Esso si riferisce alla perdita di ogni interesse.  Accanto alla malattia oncologica si può insinuare un malessere interiore che si manifesta quando il coinvolgimento nelle attività vitali perde di significato, un malessere che indebolisce la forza d’animo, la capacità di progettare, di sognare e di sperare. L’uomo è un essere con una struttura biofisica della quale fa parte la spiritualità. Il Prof. Hudolin ha definito la spiritualità antropologica “un sentire comune che va al di là dei credi religiosi ed è insito nella natura umana: ci spinge a prenderci cura dell’altro in quanto esseri umani, a riconoscere ed accettare le diversità, alla solidarietà. Quella parte dell’uomo che non si può definire in termini materiali e che ci rende diversi dagli altri esseri viventi. Mi riferisco all’emozionalità, all’etica, all’amore, all’amicizia, ad una serie di regole del comportamento innate ed ereditate, alla religiosità, alla fede, alla politica e a molti aspetti profondamente umani…”. Hudolin definisce Il disagio spirituale situandolo tra i problemi legati alla non accettazione di se stessi, del proprio comportamento e del proprio ruolo nella comunità, della cultura sociale esistente e della prevalente giustizia sociale. Tali sofferenze possono essere alleviate con diversi approcci: psicoterapici individuali, di coppia, di gruppo, informali. Tra questi ultimi quello ecologico sociale o Metodo Hudolin, che si fonda sul lavoro delle comunità multifamiliari dei Club, offre la possibilità di un miglioramento della qualità della vita individuale e familiare. I Club propongono un nuovo percorso di solidarietà, crescita e cambiamento «insieme», in un clima di fiducia e condivisione. Il Club è una piccola comunità d’azione dove tutti sono responsabili di tutti in un’ottica di interdipendenza, esso è parte della comunità in cui opera, è facilmente accessibile, gratuito e costituito da famiglie differenti per sesso, età, educazione e professione.

Bibliografia

Hudolin V. et Al. (1992), Verso un concetto ecologico di salute. Erickson ed., Trento.

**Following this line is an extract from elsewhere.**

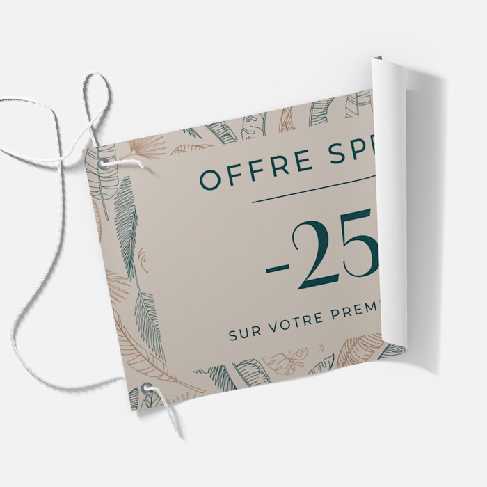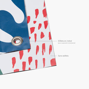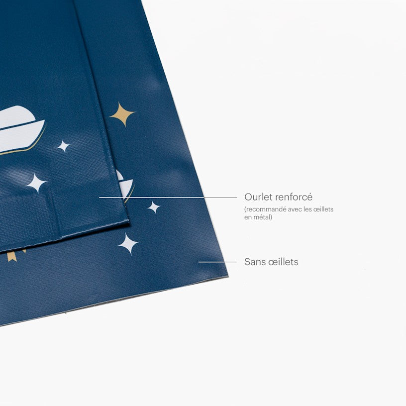 Faites votre choix parmi trois matériaux : notre polyester sans PVC 310 g/m² est l'option la plus légère des trois et parfaite pour un évènement unique en plein air ou à court terme. Notre vinyle et notre polyester sans PVC 360 g/m² sont tous deux ignifuges et idéaux pour les événements en intérieur comme en extérieur, tels que les salons professionnels, les conférences ou encore les marchés. Nos banderoles sans PVC présentent également un envers gris qui bloque la lumière et assure une grande visibilité à votre message. Les 3 matériaux sont disponibles avec un ourlet renforcé (soudé à chaud) pour une durabilité accrue. Ajoutez des œillets pour accrocher votre banderole en vinyle sur une clôture, un mûr ou au plafond à l'aide d'une corde ou d'attaches autobloquantes.Une personnalisation intuitive

Hudolin V. (1991), Manuale di alcologia. Erickson ed., Trento.
Hudolin V. (1995), Sofferenza multidimensionale della famiglia. Busti ed., Verona.
Maio M. (2017), Il corpo anti cancro. Piemme ed., Milano.
Terzani T. (2004), Un altro giro di giostra. Longanesi ed., Milano.
Carcangiu G. (2011), Progetto Domino, Manuale di Self Help. Cagliari.
Carcangiu G. (2017), Il manuale dei Club Domino, l’azzardo e i problemi azzardo correlati, Grafica del Parteolla ed., Cagliari.
Carcangiu G. (2014), Vladimir Hudolin, Storia di una rivoluzione scientifica. Teoremauno ed., Cagliari.
Carcangiu G. (2011), Manuale di EcoAlcologia, Teoremauno ed., Cagliari.